◆ DATA LISTING:
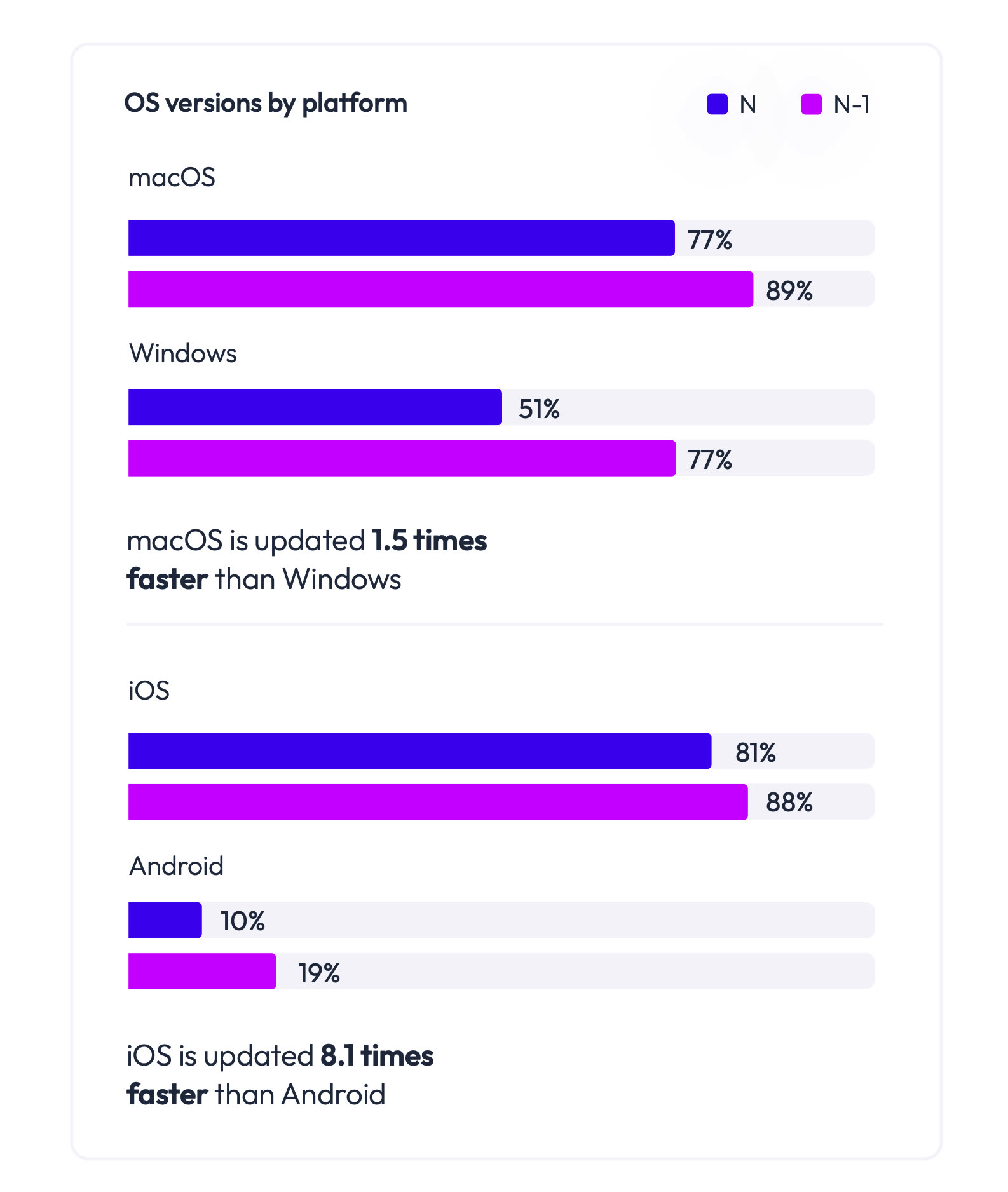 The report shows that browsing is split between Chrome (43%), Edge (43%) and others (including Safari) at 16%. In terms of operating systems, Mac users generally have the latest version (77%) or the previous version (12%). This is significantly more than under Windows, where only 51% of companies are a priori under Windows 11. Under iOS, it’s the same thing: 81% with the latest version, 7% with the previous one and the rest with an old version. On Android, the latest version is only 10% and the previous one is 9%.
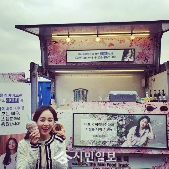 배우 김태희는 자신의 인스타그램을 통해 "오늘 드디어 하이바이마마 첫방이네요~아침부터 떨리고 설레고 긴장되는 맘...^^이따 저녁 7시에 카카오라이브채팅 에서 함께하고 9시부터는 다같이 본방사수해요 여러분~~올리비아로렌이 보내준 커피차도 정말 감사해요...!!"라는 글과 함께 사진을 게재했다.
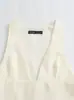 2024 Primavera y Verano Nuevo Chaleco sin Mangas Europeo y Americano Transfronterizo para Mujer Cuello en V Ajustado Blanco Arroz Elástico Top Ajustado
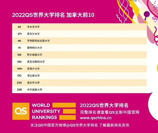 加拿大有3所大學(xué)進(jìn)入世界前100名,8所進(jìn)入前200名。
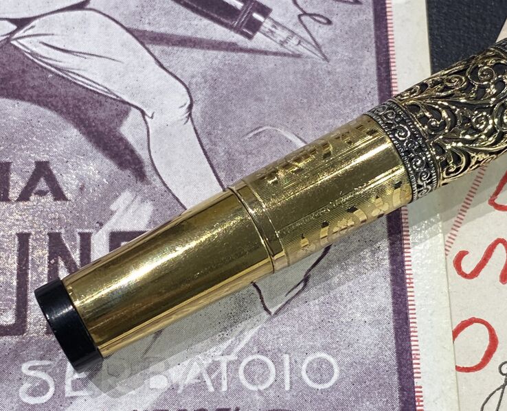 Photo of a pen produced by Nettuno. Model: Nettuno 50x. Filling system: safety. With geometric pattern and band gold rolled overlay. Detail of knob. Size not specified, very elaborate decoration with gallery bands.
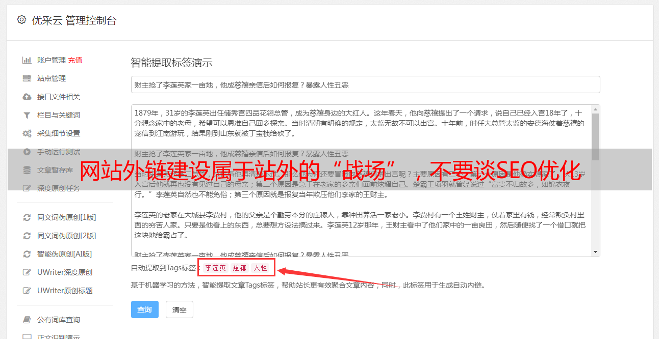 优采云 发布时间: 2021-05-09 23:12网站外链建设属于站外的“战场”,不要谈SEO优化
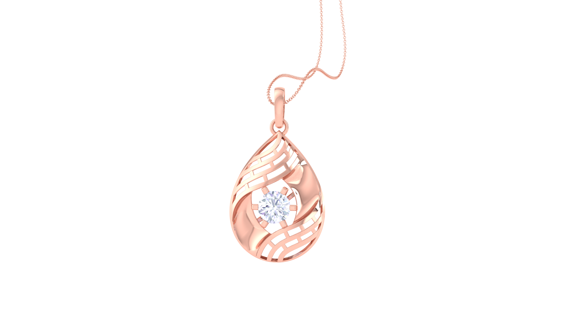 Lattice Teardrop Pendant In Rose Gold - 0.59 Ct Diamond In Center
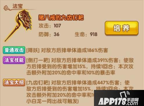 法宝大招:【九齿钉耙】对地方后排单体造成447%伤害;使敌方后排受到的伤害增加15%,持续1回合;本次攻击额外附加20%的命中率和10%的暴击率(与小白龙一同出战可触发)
==
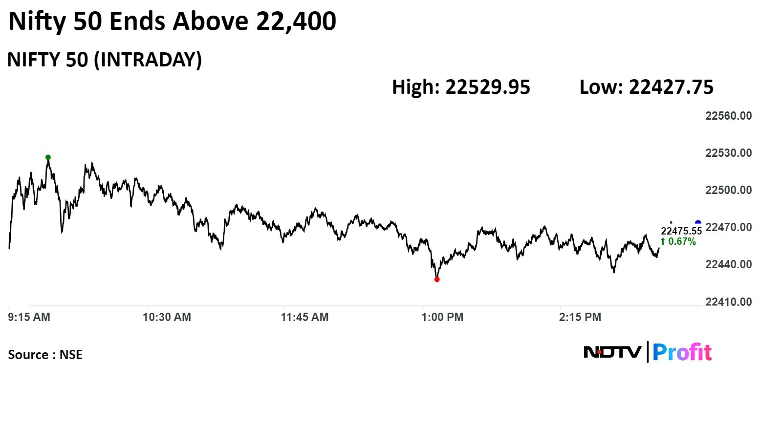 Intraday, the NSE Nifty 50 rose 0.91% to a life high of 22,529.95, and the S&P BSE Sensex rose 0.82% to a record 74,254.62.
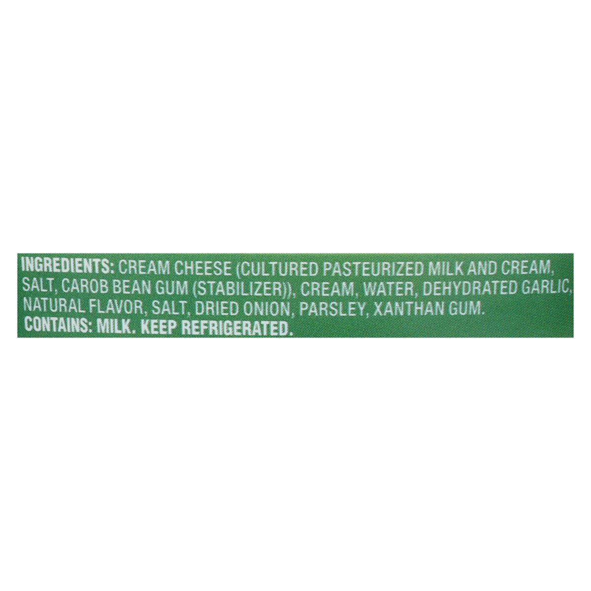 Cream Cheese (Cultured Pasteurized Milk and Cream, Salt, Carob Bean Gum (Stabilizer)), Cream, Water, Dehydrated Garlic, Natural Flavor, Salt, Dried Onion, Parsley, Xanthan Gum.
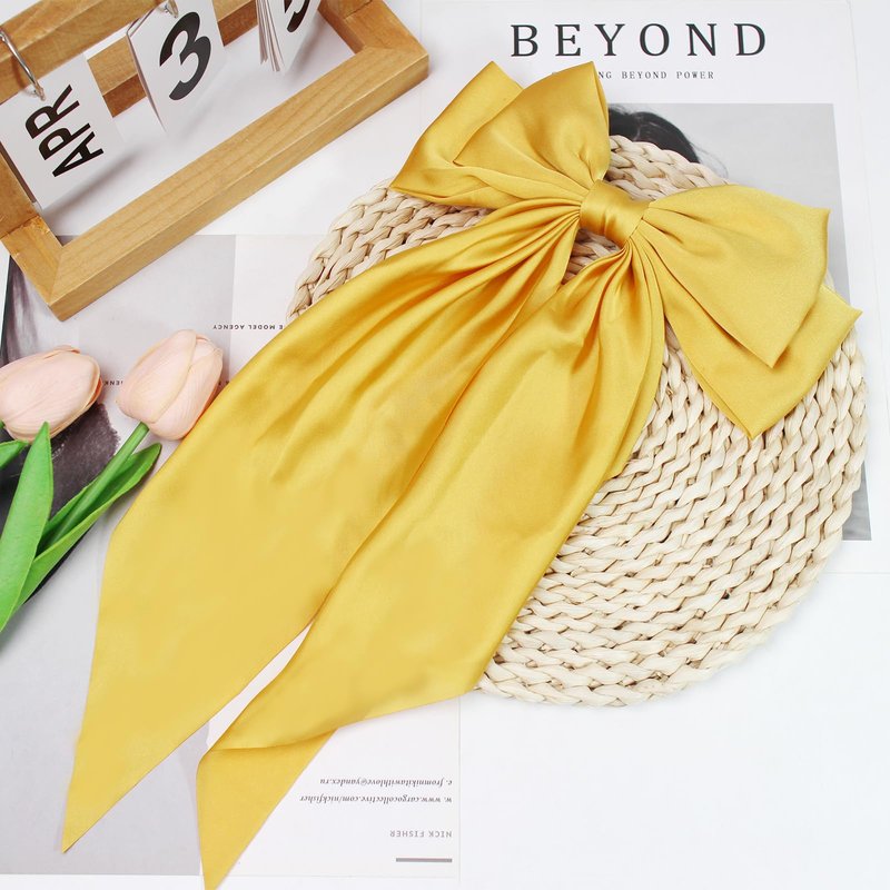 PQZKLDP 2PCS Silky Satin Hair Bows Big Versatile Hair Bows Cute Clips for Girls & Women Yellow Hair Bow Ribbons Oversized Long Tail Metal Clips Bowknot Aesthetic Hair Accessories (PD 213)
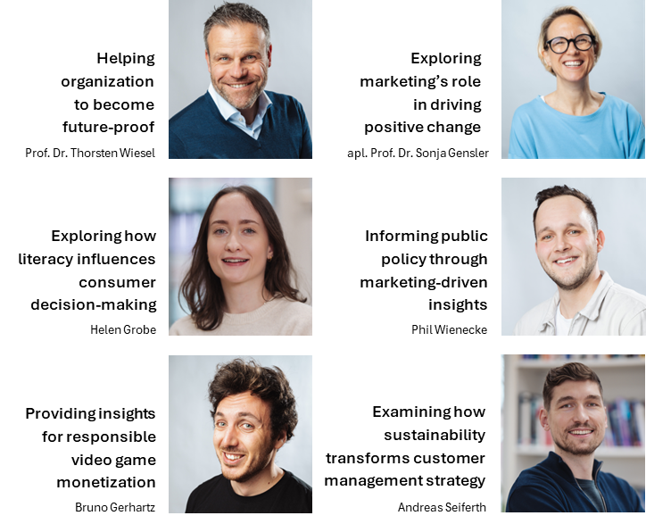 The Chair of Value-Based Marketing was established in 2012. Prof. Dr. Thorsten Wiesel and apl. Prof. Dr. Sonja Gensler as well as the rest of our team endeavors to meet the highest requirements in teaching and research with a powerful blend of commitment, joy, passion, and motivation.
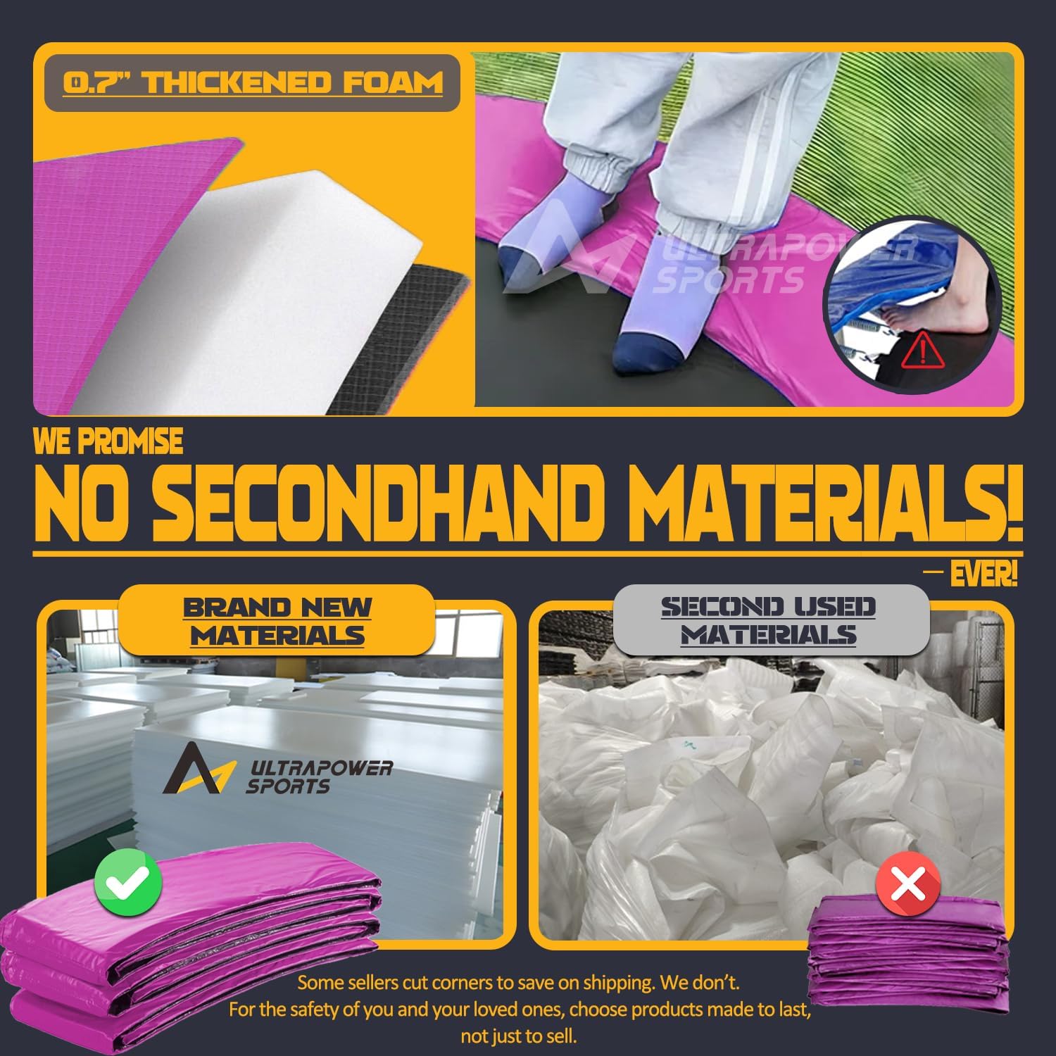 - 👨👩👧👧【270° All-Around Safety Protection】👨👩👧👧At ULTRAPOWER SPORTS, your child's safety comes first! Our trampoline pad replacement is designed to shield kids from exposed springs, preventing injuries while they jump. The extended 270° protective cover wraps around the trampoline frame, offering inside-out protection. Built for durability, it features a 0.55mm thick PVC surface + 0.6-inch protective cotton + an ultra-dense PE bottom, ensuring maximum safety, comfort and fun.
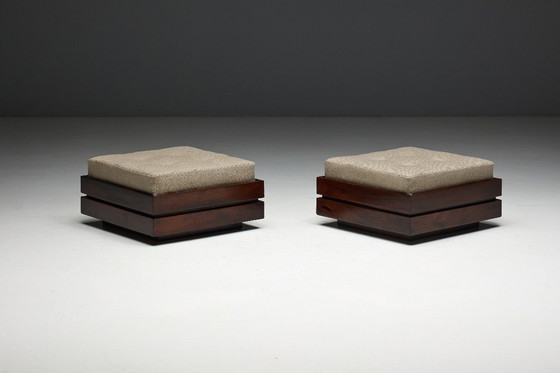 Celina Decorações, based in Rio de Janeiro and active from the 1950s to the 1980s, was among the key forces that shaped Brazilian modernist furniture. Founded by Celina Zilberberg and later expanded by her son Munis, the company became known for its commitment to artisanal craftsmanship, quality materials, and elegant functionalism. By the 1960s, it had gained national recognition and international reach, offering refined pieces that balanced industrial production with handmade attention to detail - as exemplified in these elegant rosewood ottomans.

◆ DIRECTIONS: Repeat, without pictures, exactly the lines of the data above from the one containing "The report shows" through the one containing "加拿大有3所大學(xué)進", including both and adding nothing.

◆ RESPONSE AREA:
 The report shows that browsing is split between Chrome (43%), Edge (43%) and others (including Safari) at 16%. In terms of operating systems, Mac users generally have the latest version (77%) or the previous version (12%). This is significantly more than under Windows, where only 51% of companies are a priori under Windows 11. Under iOS, it’s the same thing: 81% with the latest version, 7% with the previous one and the rest with an old version. On Android, the latest version is only 10% and the previous one is 9%.
 배우 김태희는 자신의 인스타그램을 통해 "오늘 드디어 하이바이마마 첫방이네요~아침부터 떨리고 설레고 긴장되는 맘...^^이따 저녁 7시에 카카오라이브채팅 에서 함께하고 9시부터는 다같이 본방사수해요 여러분~~올리비아로렌이 보내준 커피차도 정말 감사해요...!!"라는 글과 함께 사진을 게재했다.
 2024 Primavera y Verano Nuevo Chaleco sin Mangas Europeo y Americano Transfronterizo para Mujer Cuello en V Ajustado Blanco Arroz Elástico Top Ajustado
 加拿大有3所大學(xué)進(jìn)入世界前100名,8所進(jìn)入前200名。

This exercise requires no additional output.